### Exercise
Under this line is a listing; return exactly the lines starting at the one with "Esta design apresenta" and running down to the one with "Xelkê Kobanê cenazeyê", and leave out its pictures.

### Material provided
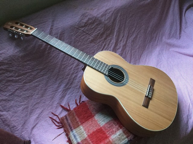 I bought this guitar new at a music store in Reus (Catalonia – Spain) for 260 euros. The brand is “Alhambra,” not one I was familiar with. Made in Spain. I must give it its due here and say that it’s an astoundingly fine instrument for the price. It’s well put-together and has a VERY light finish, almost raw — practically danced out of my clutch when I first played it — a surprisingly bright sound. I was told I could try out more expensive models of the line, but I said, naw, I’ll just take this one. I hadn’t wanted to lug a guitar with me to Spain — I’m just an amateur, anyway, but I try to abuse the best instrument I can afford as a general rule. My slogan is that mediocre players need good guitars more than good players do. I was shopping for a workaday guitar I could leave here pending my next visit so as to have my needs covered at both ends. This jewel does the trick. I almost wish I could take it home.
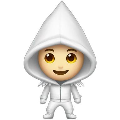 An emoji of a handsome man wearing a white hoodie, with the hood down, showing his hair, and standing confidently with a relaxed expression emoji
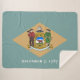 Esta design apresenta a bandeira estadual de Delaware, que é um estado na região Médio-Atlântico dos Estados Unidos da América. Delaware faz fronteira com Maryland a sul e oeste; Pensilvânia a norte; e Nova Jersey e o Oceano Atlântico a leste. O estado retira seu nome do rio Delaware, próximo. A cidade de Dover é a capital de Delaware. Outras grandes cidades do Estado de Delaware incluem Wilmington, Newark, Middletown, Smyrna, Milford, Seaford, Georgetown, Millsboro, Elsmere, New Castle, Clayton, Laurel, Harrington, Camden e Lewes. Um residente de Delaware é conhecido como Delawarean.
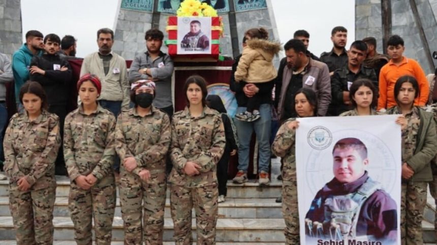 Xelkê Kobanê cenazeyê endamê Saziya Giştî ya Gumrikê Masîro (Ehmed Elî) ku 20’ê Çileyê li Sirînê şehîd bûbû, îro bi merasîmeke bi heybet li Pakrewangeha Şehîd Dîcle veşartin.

---

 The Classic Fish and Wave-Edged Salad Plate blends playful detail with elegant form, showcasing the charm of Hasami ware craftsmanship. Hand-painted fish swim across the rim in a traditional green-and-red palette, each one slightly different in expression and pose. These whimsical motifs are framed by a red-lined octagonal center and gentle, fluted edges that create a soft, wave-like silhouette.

### Task answer
 Esta design apresenta a bandeira estadual de Delaware, que é um estado na região Médio-Atlântico dos Estados Unidos da América. Delaware faz fronteira com Maryland a sul e oeste; Pensilvânia a norte; e Nova Jersey e o Oceano Atlântico a leste. O estado retira seu nome do rio Delaware, próximo. A cidade de Dover é a capital de Delaware. Outras grandes cidades do Estado de Delaware incluem Wilmington, Newark, Middletown, Smyrna, Milford, Seaford, Georgetown, Millsboro, Elsmere, New Castle, Clayton, Laurel, Harrington, Camden e Lewes. Um residente de Delaware é conhecido como Delawarean.
 Xelkê Kobanê cenazeyê endamê Saziya Giştî ya Gumrikê Masîro (Ehmed Elî) ku 20’ê Çileyê li Sirînê şehîd bûbû, îro bi merasîmeke bi heybet li Pakrewangeha Şehîd Dîcle veşartin.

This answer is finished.